From your response to kave:
In terms of the tree structure used in symbolic regression (including my own attempt), I would characterize this as wanting to preserve a subtree and letting the rest of the tree vary.
Possible issues:
If the coding modifies the trees leaf-first, trees with different roots but common subtrees aren’t treated as close to each other. This is an issue that my own version would likely have had even if actually implemented[2]. However, I think PySR might at least partially address this issue (It uses genetic programming and the pictures in the associated paper seem to indicate that it is generating trees which at least sometimes preserve subtrees.) (Though the genetic programming approach is likely to make it hard to find the very simplest solutions in practice imo.[3])
Even if you are treating trees with common subtrees as close to each other, if your evaluation of trees is only comparing final calculated values on the entire dataset, then it’s hard to make the call “I know this subtree is important even if I don’t know the rest of the tree” because the results are not likely to be all that close unless you already have a reasonable guess for the rest of the tree. One partial (heh) answer might be to award part marks to solutions that work well for some of the data even if wildly off for other parts. Careful thinking might be required to do this in a way that doesn’t backfire horribly, though. Hmm—or maybe you CAN do that in the existing paradigm by including if/then nodes in the tree? Say, a node that has three child nodes/subtrees, and chooses between two of them based on the value of the third? And then (in some genetic-programming-like approach perhaps) explore what happens if you copy those subtrees elsewhere, or existing subtrees into new if-then nodes?) (I can imagine the horrific unreadable mess already though...)
edited to add: it might be more appropriate to say that I had been planning on asking an AI to code something, but the initial prototype was sufficiently lame and gave me enough insight into the difficulties ahead I didn’t continue.
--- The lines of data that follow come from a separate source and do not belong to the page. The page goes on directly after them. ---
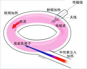 产生热核聚变的另一个重要条件就是要制造温度达1.5亿摄氏度的高温等离子区,在这种环境下,带正电的氘核和氚核才得以克服静电斥力互相碰撞。ITER使用的产生高温方法很像微波炉对食物加热。参加合作的我国科学家正在努力研究更高性能的“高功率射频加热装置”来实现它。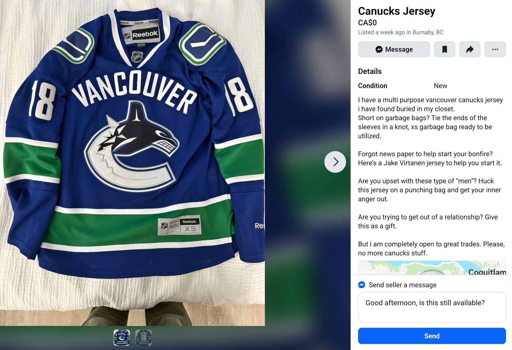 Wonder if they want a trade for my Kesler jersey?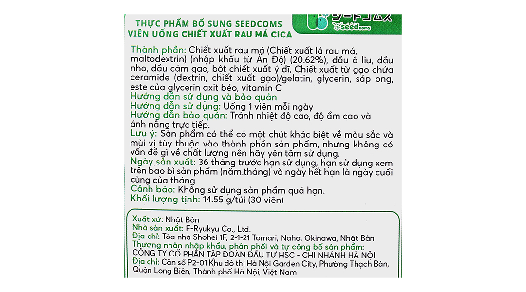 Seedcoms Cica chiết xuất rau má là một sản phẩm tuyệt vời đến từ thương hiệu Seedcoms nổi tiếng của Nhật Bản. Với công thức chứa các thành phần thiên nhiên như chiết xuất rau má, chiết xuất ý dĩ và các loại dầu thực vật, sản phẩm này không chỉ giúp nuôi dưỡng làn da mà còn mang lại làn da khỏe mạnh, mịn màng và tươi sáng.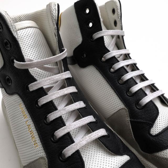 ○サンローラン YVES SAINT LAURENT 牛革 カーフ ハイカットスニーカー 610618 SL24 High-Top Perforated Leather Sneakers メン 中古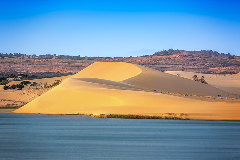 Wenn ihr paradiesische Sandstrände mögt, werdet ihr diesen Ort im Süden Vietnams lieben. Rund 20 Kilometer von Phan Thiết, der Hauptstadt der Provinz Binh Thuan entfernt, liegt Mũi Né. Neben perfekten Windverhältnissen für Surfer überzeugt die Stadt mit ihren traumhaften weißen und roten Sanddünen. Durch die starken Winde der Region geformt, bilden sie heute das Tor zur Stadt. Erkunden könnt ihr die Dünen auf eigene Faust oder im Rahmen einer geführten Tour. Besonders actionreich wird es bei einer Quadfahrt und spaßig bei der beliebten Sportart Sandboarding.

Claude chat link if anyone’s interested.
edited to further add: hmm, what you are wanting (“new variable”) is probably not just preserving a subtree, but for the mutation system to be able to copy that subtree to other parts of the tree (and the complexity calculator to not give to much penalty to that, I guess). Interestingly, it seems that PySR’s backend at least (SymbolicRegression.jl) does have the capability to do this already, using a “form_random_connection!” mutation function that apparently allows the same subtree to appear as child of multiple parents, making a DAG instead of a tree. In general, I’ve been pretty impressed looking at SymbolicRegression.jl. Maybe other symbolic regression software is as feature-rich, but haven’t checked.
Apparently November 2024. Feels longer ago somehow.
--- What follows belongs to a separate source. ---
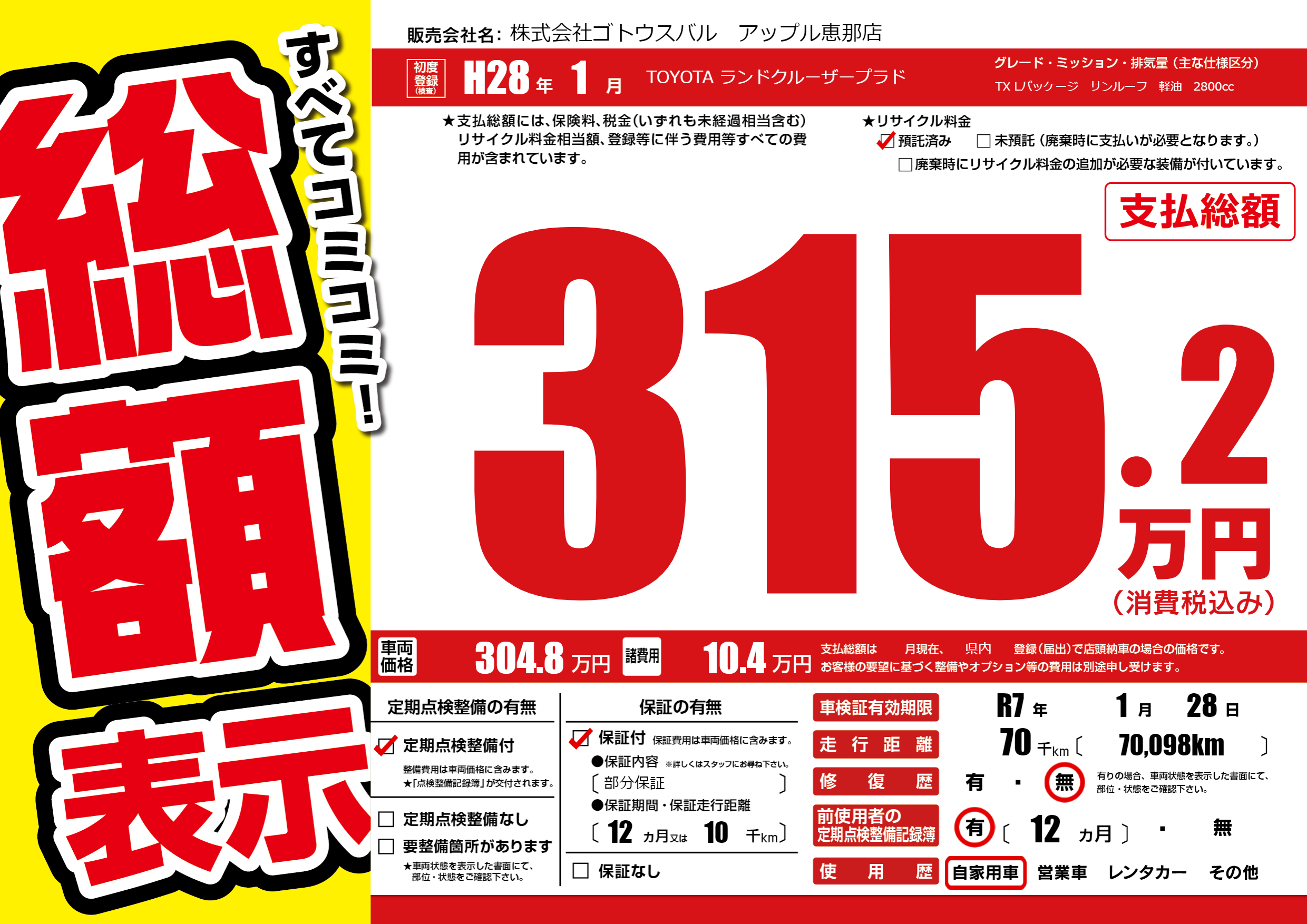 なし | 車検制限 | R7年1月28月 |

I hadn’t actually gone beyond breadth-first search though.
This is informed by (a tiny amount of) practical experience. After SarahNibs’ comment suggested genetic programming would have worked on the “Arena of Data”, I attempted genetic programming on it and on my initial attempt got … a horrific unreadable mess. Maybe it wasn’t “halfway decently regularized” but I updated my intuition to say: complicated ways to do things so greatly outnumber the simple ways that anything too reliant on randomness is not likely to find the simple way.